Wednesday 20/05/2026
Photo: Katarina Wolnik Vera
Text: Toni Galindo
Beyond Symptoms
When someone has lived a traumatic experience, it is common to focus on the symptoms: fear, anxiety, and flashbacks. Have you ever felt that talking only about those symptoms does not capture what was truly broken inside? The truth is that trauma is not just a set of symptoms to be eliminated, but a wound that unfolds in the body, in emotions, and especially in the way of bonding with others.
Relational trauma—especially when the wound comes from close relationships—profoundly affects how we experience trust. Two people may share the same diagnostic label of post-traumatic stress disorder, but one might feel safe with a compassionate therapist while another trembles with fear at any closeness. Recovering with support is not the same as doing it alone. The fundamental difference is that the trauma was formed in relationships, and therefore recovery must also unfold through them.

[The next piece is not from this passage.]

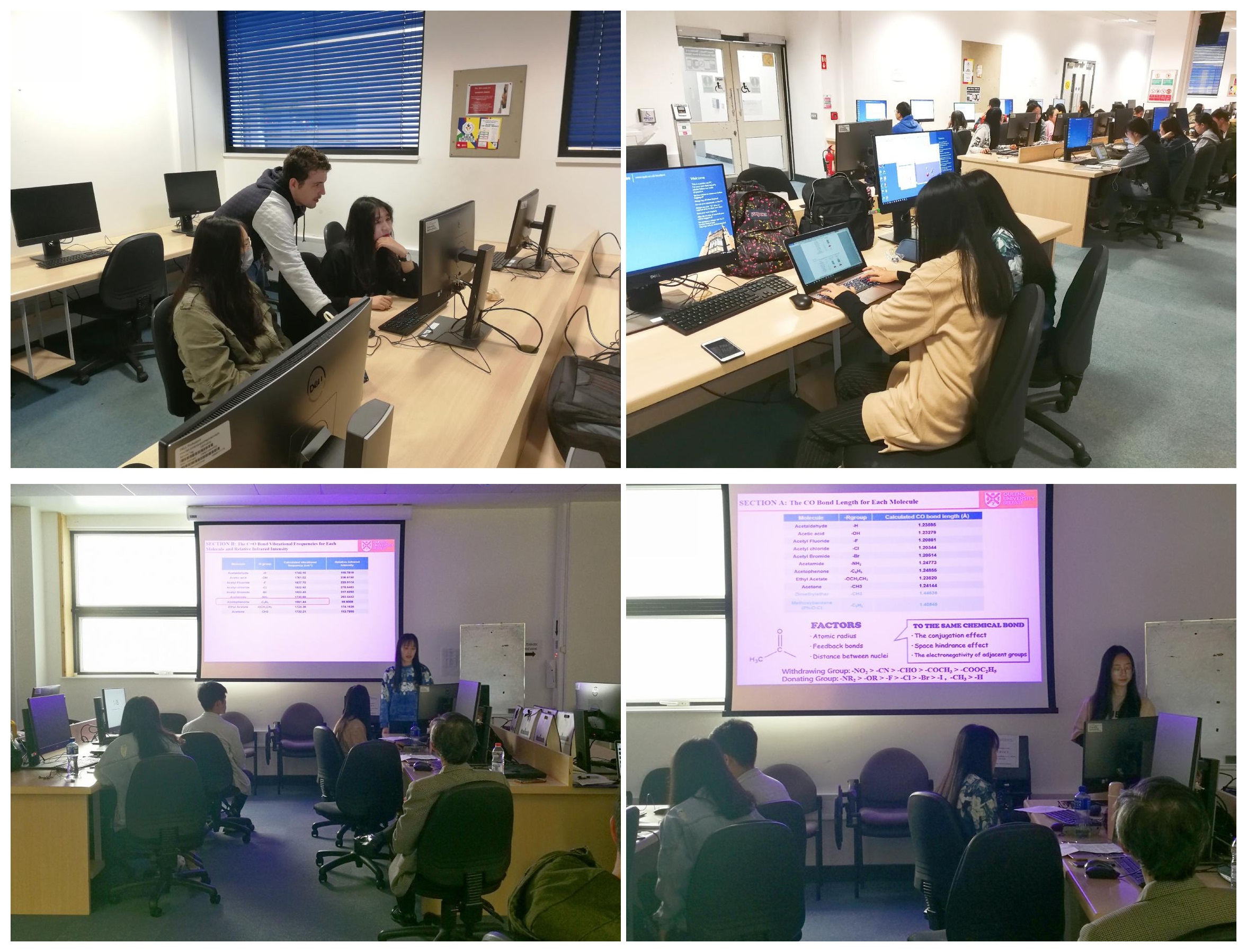 除了上课听讲,本次课程中还特别设计了需要自己上场展示的环节,要求在一天时间里组队学习并对学习成果做个学术报告,老师给我们每人发了一个小U盘,里面装着的程序——GaussianView,就是这次报告的主要工具。在老师们教会我们如何使用后,我们将要利用这个软件计算一系列羰基化合物的分子震动频率和其碳氧双键的键长。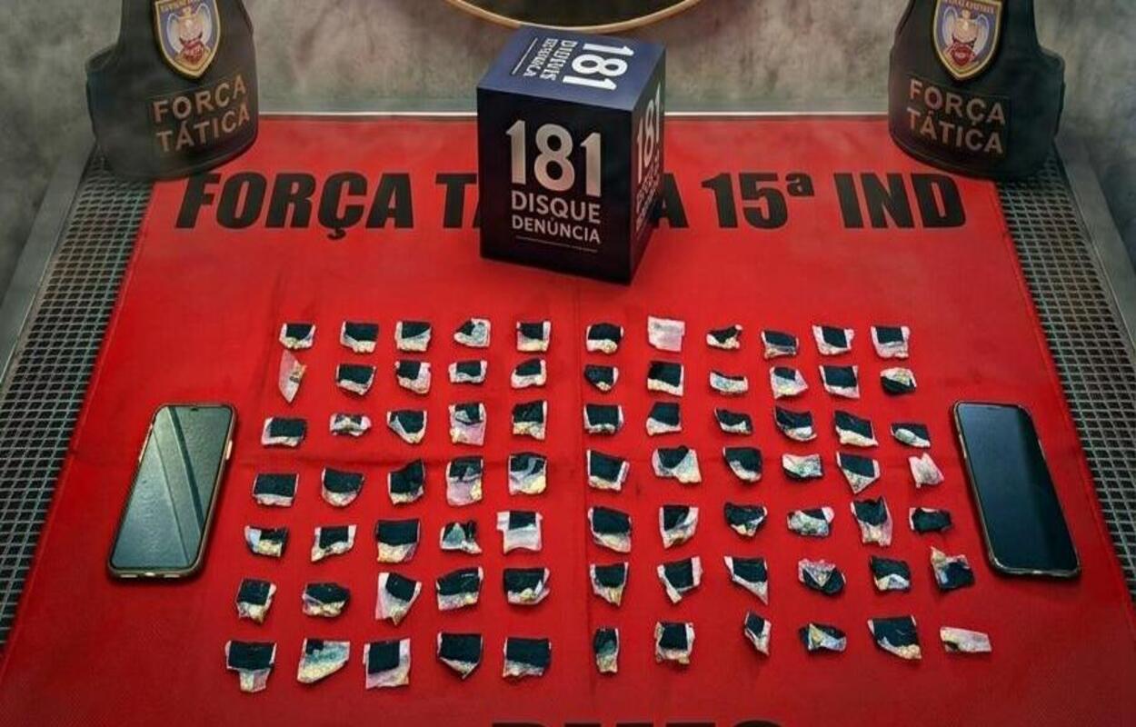 Durante a abordagem, os militares encontraram 75 pedras de crack e um pino de cocaína, todos já prontos para comercialização, além de dois aparelhos celulares.

In reality, the change of the nervous system, the basis of all recovery, occurs when the body repeatedly experiences that closeness does not inevitably lead to harm. It is not just about intellectually understanding what happened, but about the nervous system being able to feel it. For this reason, therapy cannot be only technical; it must be reparative.
Reconstruction as a Slow and Gracual Process
Rebuilding bonds after trauma is not a quick process, and it is certainly not linear. It often involves setbacks, days when trust seems to crumble again. But each small experience of safety—a promise kept, a rupture recognized and repaired, a word of containment when fear rises—writes a new story in the body.
Therapeutic work focuses on the person being able to feel like a secure base: someone who is there, consistently, who can tolerate uncomfortable silences, and who does not abandon when the deepest emotions emerge. It is not about waiting for a perfect therapist, but about experiencing someone close enough, consistent enough, and committed enough so that the relationship itself becomes a healing experience.
Additionally, the reconstruction of trust is worked on in small, deliberate steps. Learning to ask for help with trusted individuals, establishing clear boundaries, and recognizing when someone is reliable are skills that are developed bit by bit. There is no need to rush; the important thing is that each person can choose the pace.
Trusting Without Losing Oneself Along the Way
One of the greatest paradoxes after trauma is this: one wants to trust, but there is a deep fear of being hurt again. These questions are not paranoia; they are the prudent voice of someone who has already learned that closeness can hurt.
Trusting without losing oneself means being able to recognize the signals of safety: reliability, responsibility, genuine empathy, and congruence between what someone says and what they do. It also means being able to say “no” without guilt, being able to move away from those who do not deserve that trust, and maintaining one’s own integrity while opening the door to new bonds.
The essential thing is that recovery from trauma is not simply “getting over it,” but learning to live more fully, to reconnect with oneself, and to rebuild trust from a position of greater wisdom. It is not returning to the starting point as if nothing had occurred; it is advancing from where one is, integrating the experience.
It is a process of understanding and accompaniment, where the important thing is not only to identify the damage, but to understand the story behind it and recover the capacity to choose with greater consciousness. Trauma is not a diagnosis that defines who you are, but an experience that you have lived and from which you can heal. Seeing the reconstruction of bonds as a starting point, not a destination, is to open the possibility of a future where trust becomes possible again.
References:
- Bowlby, J. (1989). Una base segura: aplicaciones clínicas de la teoría del apego. Paidós Ibérica.
Formación Psicoterapia. Seguridad emocional en trauma complejo: guía para clínicos. https://formacionpsicoterapia.com/blog-psicoterapia/seguridad-emocional-trauma-complejo/ - Muller, R. (2020). El trauma y la lucha por abrirse. De la evitación a la recuperación y el crecimiento. Desclée de Brouwer.
- Ogden, P. y Fisher, J. (2016). Psicoterapia sensorio-motriz. Asociación Española del Trauma Psicológico.
- STAIR/STAIR-Narrative Therapy. Pautas de tratamiento para trauma complejo con enfoque en regulación emocional e interpersonal. VA/DoD 2023.